Here is the implementation of the BasicAuthenticationHandler which implements the abstract class AuthenticationHandler.

public class BasicAuthenticationHandler : AuthenticationHandler<AuthenticationSchemeOptions>
{
    public BasicAuthenticationHandler(
        IOptionsMonitor<AuthenticationSchemeOptions> options,
        ILoggerFactory logger,
        UrlEncoder encoder,
        ISystemClock clock
        ) : base(options, logger, encoder, clock)
    {
    }

    protected override Task<AuthenticateResult> HandleAuthenticateAsync()
    {
        var authHeader = Request.Headers["Authorization"].ToString();
        if (authHeader != null && authHeader.StartsWith("basic", StringComparison.OrdinalIgnoreCase))
        {
            var token = authHeader.Substring("Basic ".Length).Trim();
            System.Console.WriteLine(token);
            var credentialstring = Encoding.UTF8.GetString(Convert.FromBase64String(token));
            var credentials = credentialstring.Split(':');
            if (credentials[0] == "admin" && credentials[1] == "admin")
            {
                var claims = new[] { new Claim("name", credentials[0]), new Claim(ClaimTypes.Role, "Admin") };
                var identity = new ClaimsIdentity(claims, "Basic");
                var claimsPrincipal = new ClaimsPrincipal(identity);
                return Task.FromResult(AuthenticateResult.Success(new AuthenticationTicket(claimsPrincipal, Scheme.Name)));
            }

            Response.StatusCode = 401;
            Response.Headers.Add("WWW-Authenticate", "Basic realm=\"dotnetthoughts.net\"");
            return Task.FromResult(AuthenticateResult.Fail("Invalid Authorization Header"));
        }
        else
        {
            Response.StatusCode = 401;
            Response.Headers.Add("WWW-Authenticate", "Basic realm=\"dotnetthoughts.net\"");
            return Task.FromResult(AuthenticateResult.Fail("Invalid Authorization Header"));
        }
    }
}

Next modify the Program.cs like this.

var builder = WebApplication.CreateBuilder(args);

// Add services to the container.
// Learn more about configuring Swagger/OpenAPI at https://aka.ms/aspnetcore/swashbuckle
builder.Services.AddEndpointsApiExplorer();
builder.Services.AddSwaggerGen();
builder.Services.AddAuthentication("BasicAuthentication")
                .AddScheme<AuthenticationSchemeOptions, BasicAuthenticationHandler>
                ("BasicAuthentication", null);
builder.Services.AddAuthorization();

var app = builder.Build();

// Configure the HTTP request pipeline.
if (app.Environment.IsDevelopment())
{
    app.UseSwagger();
    app.UseSwaggerUI();
}
app.UseAuthentication();
app.UseAuthorization();

app.UseHttpsRedirection();

Now it is done. You can enable block the anonymous access by adding the authorize attribute to the method like this.

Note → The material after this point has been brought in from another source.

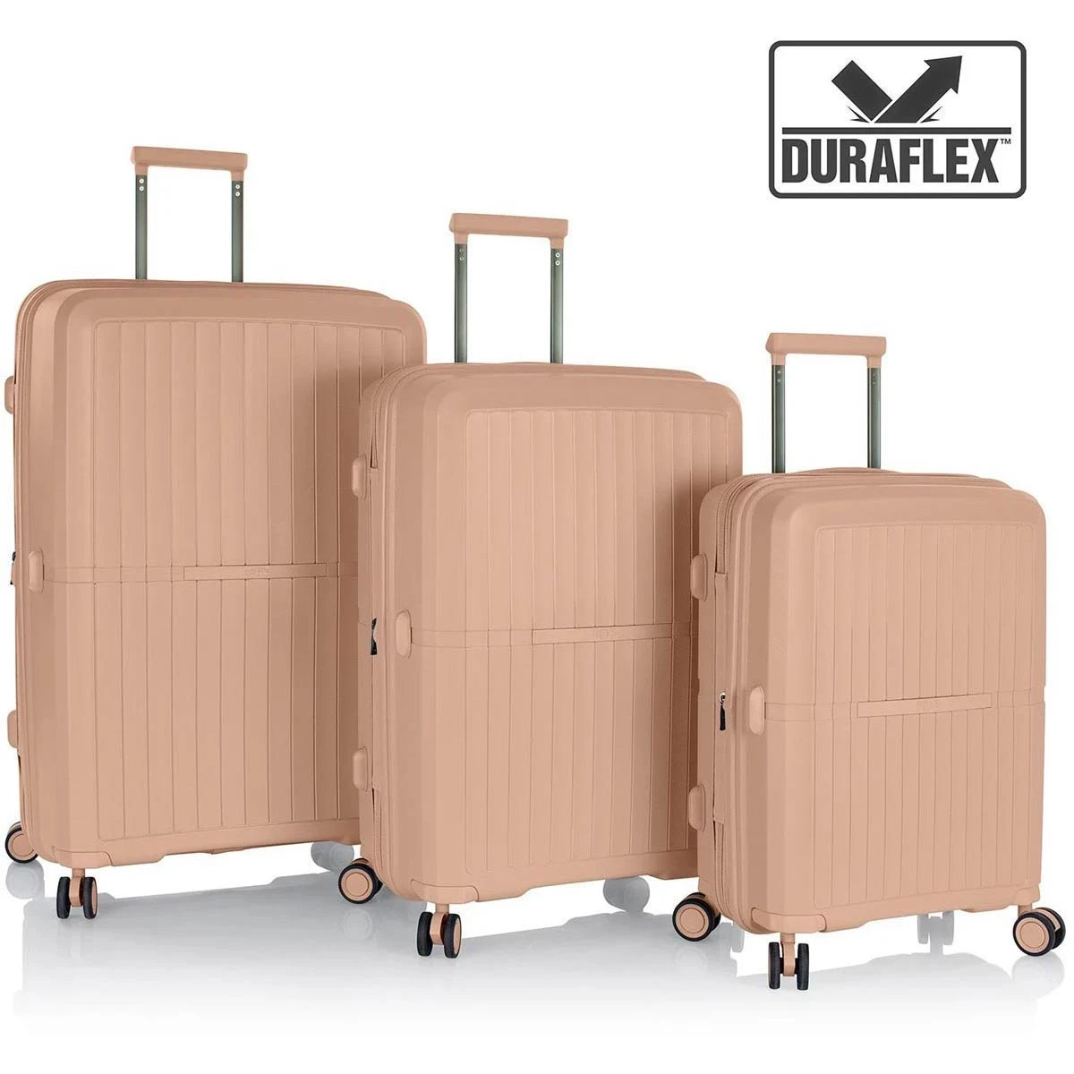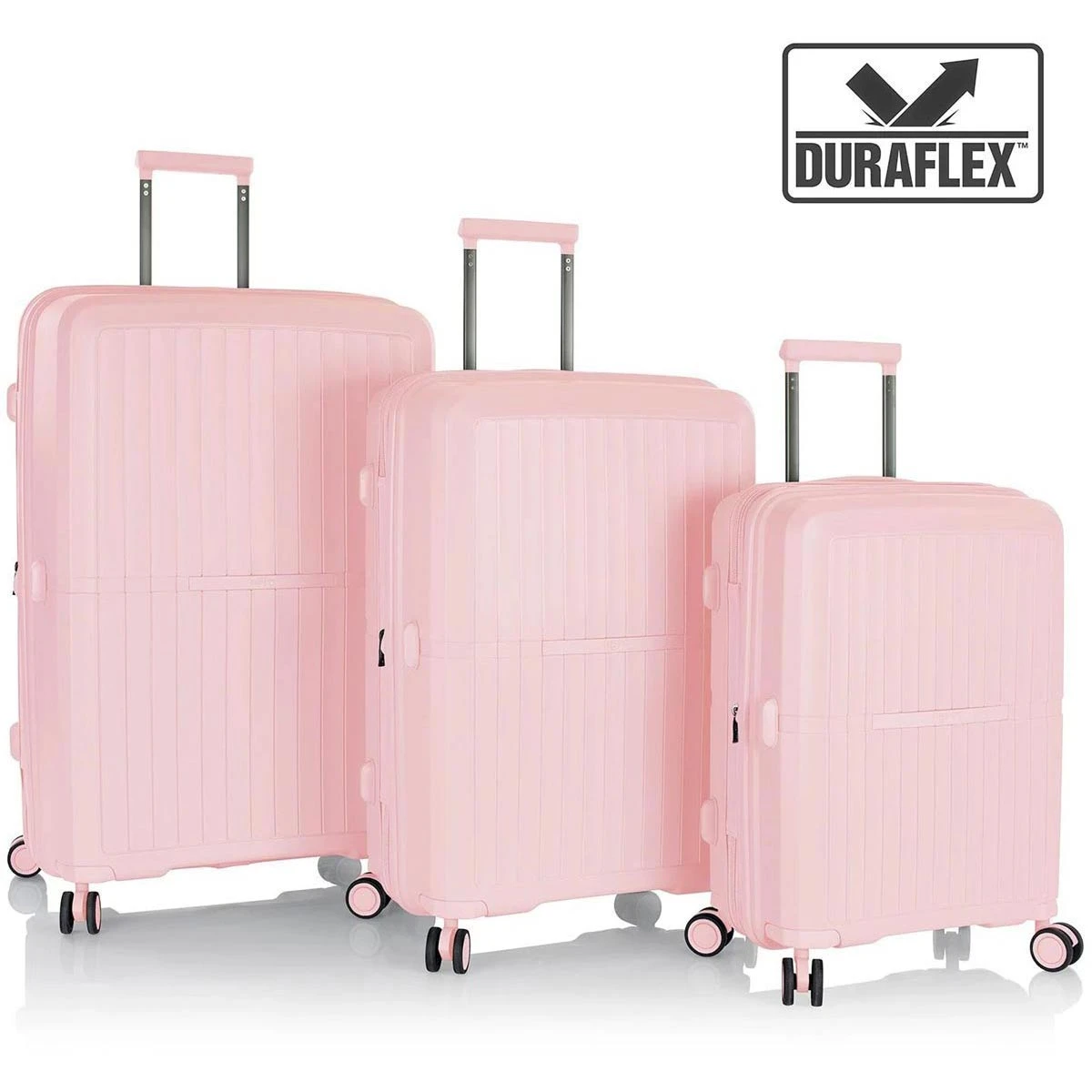 - Available in six subtle shades with a matte sheen and stylish colour-matching wheels, handles, lock, zippers and trim.

app.MapGet("/weatherforecast", [Authorize]() =>
{
    var forecast = Enumerable.Range(1, 5).Select(index =>
        new WeatherForecast
        (
            DateTime.Now.AddDays(index),
            Random.Shared.Next(-20, 55),
            summaries[Random.Shared.Next(summaries.Length)]
        ))
        .ToArray();
    return forecast;
}).WithName("GetWeatherForecast");

Now if you browse the Weather forecast endpoint - https://localhost:5001/weatherforecast, it will prompt for user name and password. Here is the screenshot of the app running on my machine.

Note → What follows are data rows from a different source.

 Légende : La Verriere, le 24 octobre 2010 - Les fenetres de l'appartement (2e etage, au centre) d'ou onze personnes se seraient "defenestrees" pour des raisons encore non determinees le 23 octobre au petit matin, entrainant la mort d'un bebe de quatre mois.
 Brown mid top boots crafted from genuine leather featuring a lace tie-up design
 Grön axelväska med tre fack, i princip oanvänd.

Basic Authentication Dialog

Happy Programming :)

Support My Work

If you find my content helpful, consider supporting my work. Your support helps me continue creating valuable resources for the community.

Share this article

Found this useful? Share it with your network!

« Angular Server Side Rendering on Azure Static Web Apps
Implementing an API Gateway in ASP.NET Core with Ocelot »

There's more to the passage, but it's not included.